### Assignment
Every record below should be repeated exactly. Omit the pictures.

### Input for this task
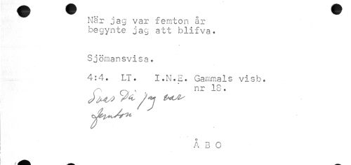 //// När jag var femton år begynte jag att blifva. //// Sjömansvisa. //// 4:4. LT. I.N.E. Gammals visb. //// A 3 O ////
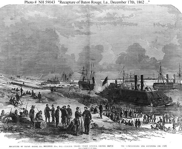 161k | "Recapture of Baton Rouge, La., December 17th, 1862 -- Federal troops under General Grover driving off the Confederates and occupying the city." Line engraving, after a sketch by F. H. Schell, published in "The Soldier in Our Civil War", Volume I. The ironclad gunboat USS Essex is depicted at right, just off shore. US Naval History and Heritage Command photo # NH 59043. |
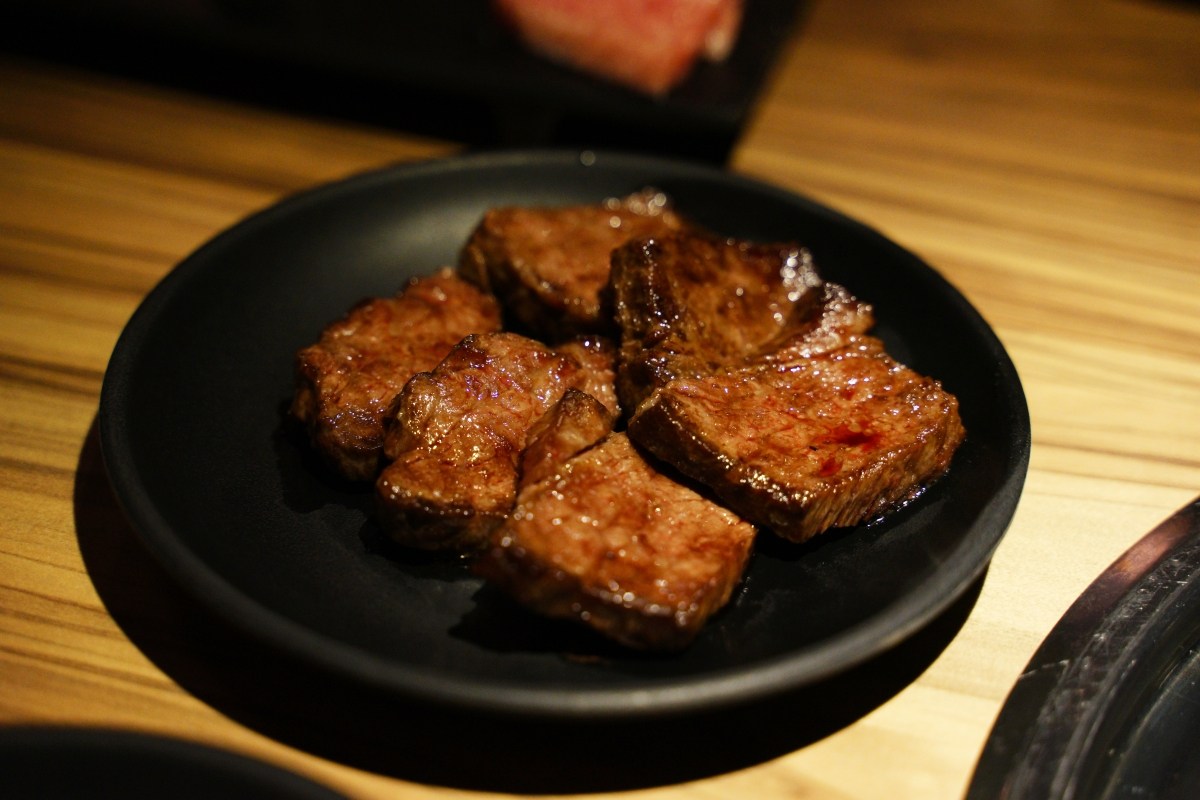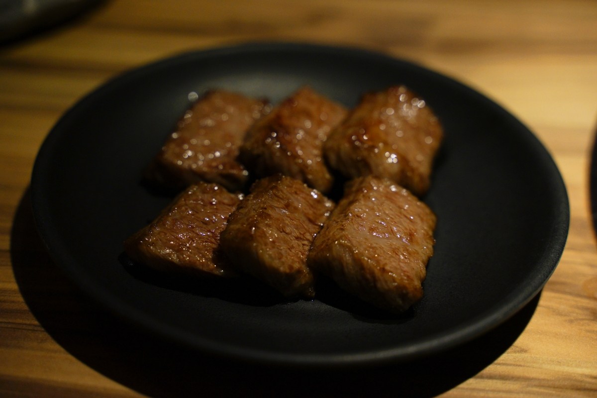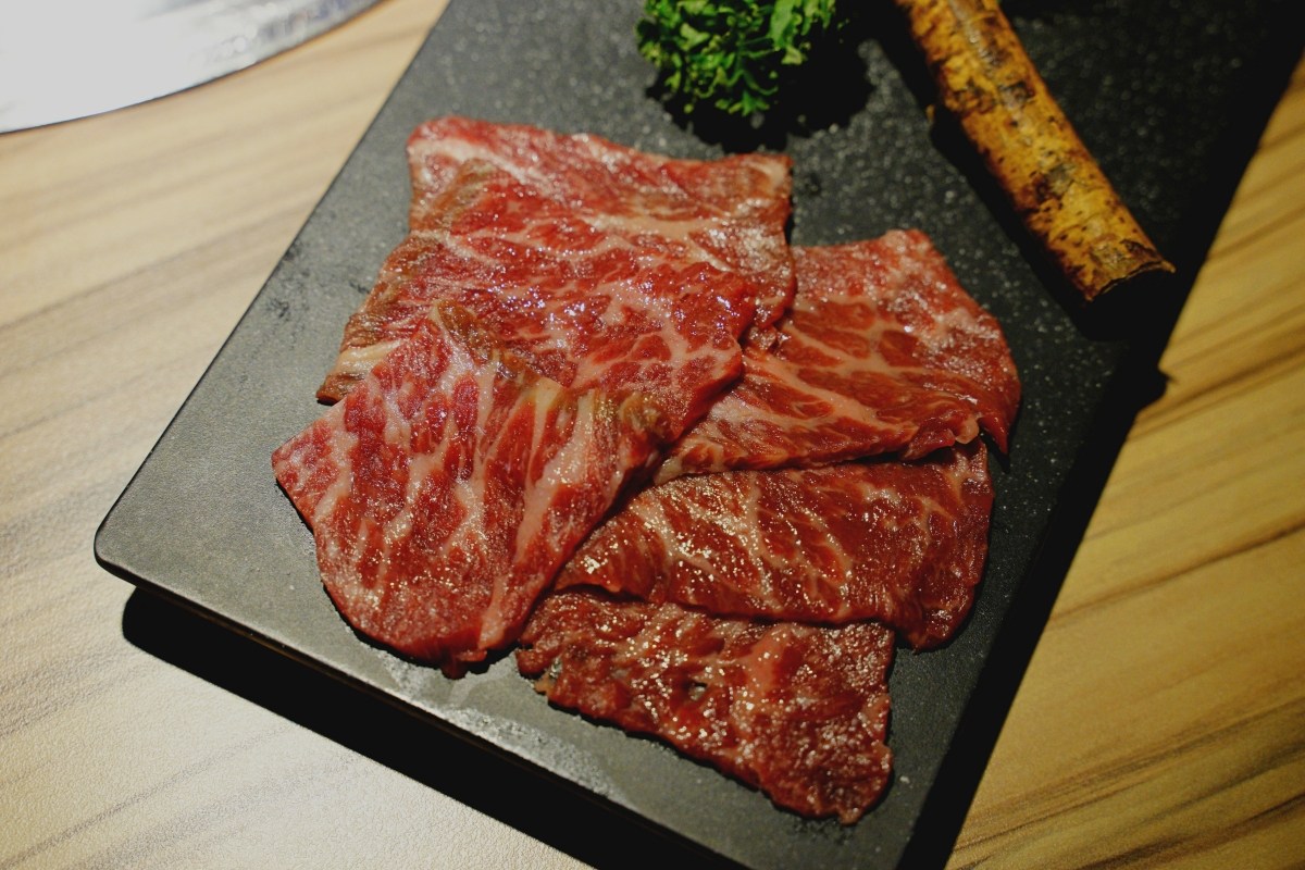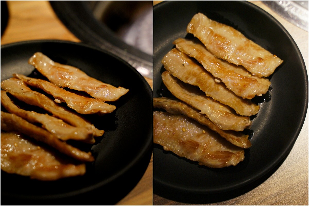 一上桌就眼冒愛心,這個油花好美好美,而且有大約一公分的厚度,燒烤的過程也很療癒。入口更是滿滿幸福感,口感十足,肉味鮮明,柔嫩帶嚼勁,水準很高!搭配燒肉醬汁入口,再挖兩口飯一起吃,實在太、舒、服。
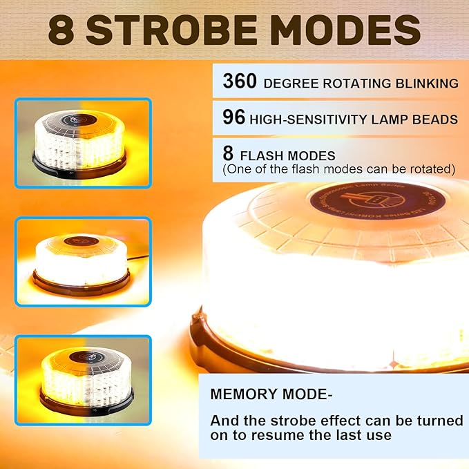 - 【Super Bright Beacon Light】Magnetic beacon light use 96 high intensity LED chips,360° full-coverage rotating design, clear shell has excellent visibility and safety, emit high brightness caution lights. The rooftop amber strobe lights are clearly visibleto ensure your driving safety in rain and snow and other low visibility conditions.
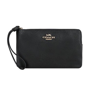 COACH 經典馬車素面防刮L拉鍊手拿包(中/黑)

### Response to this task
 //// När jag var femton år begynte jag att blifva. //// Sjömansvisa. //// 4:4. LT. I.N.E. Gammals visb. //// A 3 O ////
 161k | "Recapture of Baton Rouge, La., December 17th, 1862 -- Federal troops under General Grover driving off the Confederates and occupying the city." Line engraving, after a sketch by F. H. Schell, published in "The Soldier in Our Civil War", Volume I. The ironclad gunboat USS Essex is depicted at right, just off shore. US Naval History and Heritage Command photo # NH 59043. |
 一上桌就眼冒愛心,這個油花好美好美,而且有大約一公分的厚度,燒烤的過程也很療癒。入口更是滿滿幸福感,口感十足,肉味鮮明,柔嫩帶嚼勁,水準很高!搭配燒肉醬汁入口,再挖兩口飯一起吃,實在太、舒、服。
 - 【Super Bright Beacon Light】Magnetic beacon light use 96 high intensity LED chips,360° full-coverage rotating design, clear shell has excellent visibility and safety, emit high brightness caution lights. The rooftop amber strobe lights are clearly visibleto ensure your driving safety in rain and snow and other low visibility conditions.
 COACH 經典馬車素面防刮L拉鍊手拿包(中/黑)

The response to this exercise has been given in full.